Information supplied:
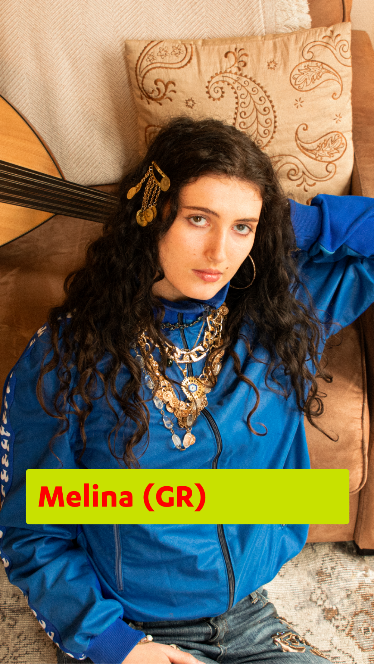 Melina, Greece - Inspired by her Greek origins, Melina Vlachos writes and composes melodies, which she sings while playing the oud and dancing, accompanied by double bass and oriental percussion.
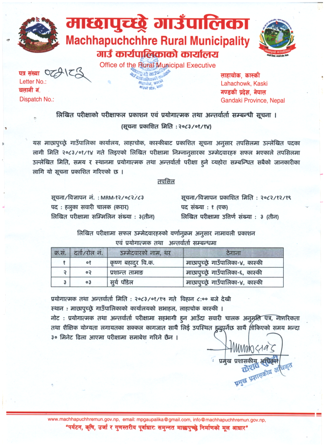 » (हलुका सवारी चालक) लिखित परीक्षाको परीक्षाफल प्रकाशन एवं अन्तर्वाता सम्बन्धी सूचना ।
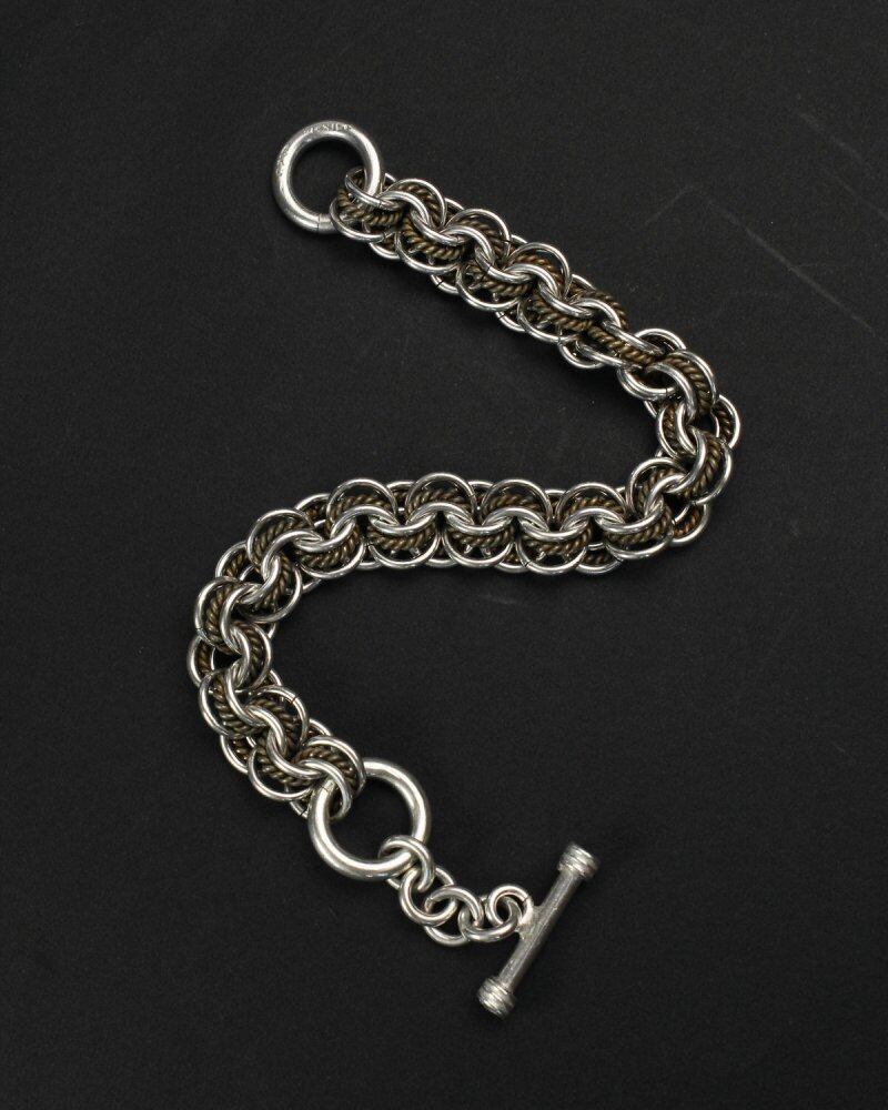 Probably a chain bracelet from the 1980s. It features a structural design like a tire chain in combination with brass. It is a valuable and heavy body, and it is an item that can be completed with one piece with an elegant appearance that is not too strict. The clasp that makes it look more mannish is also a point. 925 engraved, sterling silver. Since it is old, it may be scratched. Please check the photo and understand the characteristics of vintage before purchasing.

Exercise goal:
Set the preceding data down again word for word, omitting images.

Result of the task:
 Melina, Greece - Inspired by her Greek origins, Melina Vlachos writes and composes melodies, which she sings while playing the oud and dancing, accompanied by double bass and oriental percussion.
 » (हलुका सवारी चालक) लिखित परीक्षाको परीक्षाफल प्रकाशन एवं अन्तर्वाता सम्बन्धी सूचना ।
 Probably a chain bracelet from the 1980s. It features a structural design like a tire chain in combination with brass. It is a valuable and heavy body, and it is an item that can be completed with one piece with an elegant appearance that is not too strict. The clasp that makes it look more mannish is also a point. 925 engraved, sterling silver. Since it is old, it may be scratched. Please check the photo and understand the characteristics of vintage before purchasing.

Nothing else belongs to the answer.